I have only a few minor comments, and think this article is an interesting contribution to the literature, as it is..
Line 90: It is then likely that the result will be irreproducible. > It is then MORE likely
Line 260: this illustrates the difficulty of interpreting p-curves in real-life situations where parameters such as proportion of p-hacked studies, sample size and number and correlation of dependent variables are not known. > Please be more specific. What is the difficulty of interpreting p-curves in real life? The authors argue against Simonsohn in the next few lines, and you are correct in refuting the idea that all combinations of p-curves for which at least some effect exists produce right-skewed p-curves. However, when a p-curve indicates that a set of studies lacks evidential value, can we interpret it as problematic, always? I ask because recently I have seen people are p-curve is not always reliable, but what I think the take-home message is is that p-curve, like all meta-analytic techniques that check for bias, can tell you when something is problematic. However, when they say things look good, things might still be bad. Is that a fair description? Should people take away that p-curves are always difficult to interpret in real life situations, or only when they indicate the data might be fine, but there is always reason for concern when p-curve shows a lack of evidential value?
Line 357: This is a form of p-hackingthat > ADD SPACE
Line 431: “it can be difficult to interpret the absence of a p-hacking 'bump'” – it might make sense to note how almost all meta-analytic techniques that try to correct for bias work like this. E.g., the trim and fill method can show a problem, but not the lack of a problem, because it, like all tests, is based on certain assumptions. If these assumptions are not met, the results are difficult to interpret.
The manuscript has improved significantly, and most of the concerns have been addressed properly. However, due to large rewrites, the manuscript becomes a little unfocused as one reviewer points out. Therefore, the manuscript needs to be rewritten substantially to improve the readability, taking into account both reviewers' new comments. I also suggest removing the simulation of 'Skewed or Discrete data', and focusing on ghost variables, since it can be considered to be another form of p-hacking if we use inappropriate statistical methods (e.g. t-test for skewed data) to achieve statistical significance. Thus the appearance of the left skew of p-curve under this simulation setting still indicates evidence of p-hacking. The reason I grant a minor revision is that the methods and findings seem appropriate in this revision, but the interpretation and wording needs to be revised.

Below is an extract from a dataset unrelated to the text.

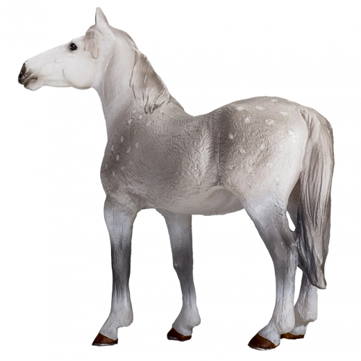 Deze Orlovske draver-figuur valt op door de zorgvuldige modellering en het realistische uiterlijk, dat de echte kenmerken van het ras getrouw weergeeft. Dankzij het kwalitatieve materiaal is hij geschikt voor dagelijks spelen en als decoratief verzamelstuk.

The manuscript is very clear and well structured. The figures are clear, although some (Table 1, Figure2) might better be placed in supplementary material.
It's excellent the materials are all shared on the Open Science Framework. The Ghostscript 1.5 code is well annotated, and can be used by others to reproduce or extend these findings.

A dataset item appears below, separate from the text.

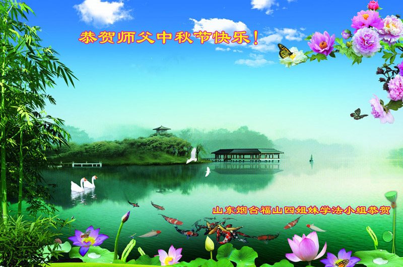 【明慧网二零一六年九月十四日】 山东烟台福山四姐妹学法小组恭祝师父中秋节快乐!
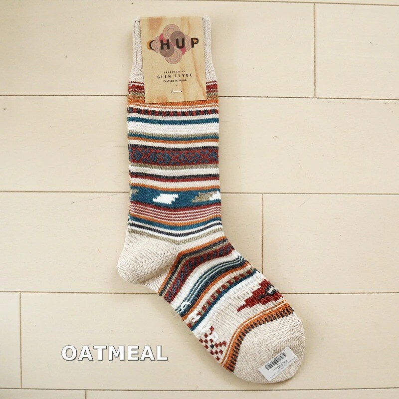 履き心地の良さとオリジナルで素敵な柄が大人気の「チュプ」。現在製造されていないイタリア製ヴィンテージの特殊な編み機を使用し、1目1目ゆっくりと編み上げているため他にはない色鮮やかなニットの風合いを表現。適度な厚みがあるので弾力があり心地良い履き心地です。デザイン柄が非常に複雑なため、1日の生産効率は通常の半分から3分の1程度と作れる量に限りがあります。アイヌ語で「太陽、月、天空の星々」を意味するCHUPは自然が生み出した彩りを丁寧に紡いで、再生糸(エコヤーン)を採用するなど地球環境にも配慮しています。生産は日本。厳選された設備のもと、熟練職人の手による丁寧で精錬されたモノ作りを心がけています。追加生産はなく、数量限定です。

The simulations are valid, with reasonable parameters
I think overall this manuscript has improved substantially. I only have minor comments.
Abstract: “The p-curve is a plot of the distribution of p-values below .05” > why just below 0.05? The analysis is often done on p-values above 0.05 as well, and although publication bias makes the model more complex, it is possible.
L 129 Questions have, however, been raised as to whether p-curves provide a sufficiently robust foundation for such conclusions > Indeed, see also Ulrich & Miller, 2015: http://www.ncbi.nlm.nih.gov/pubmed/26595841 which might be worthwhile to cite
L 152: toward use > towards the use? (I’m not a native speaker).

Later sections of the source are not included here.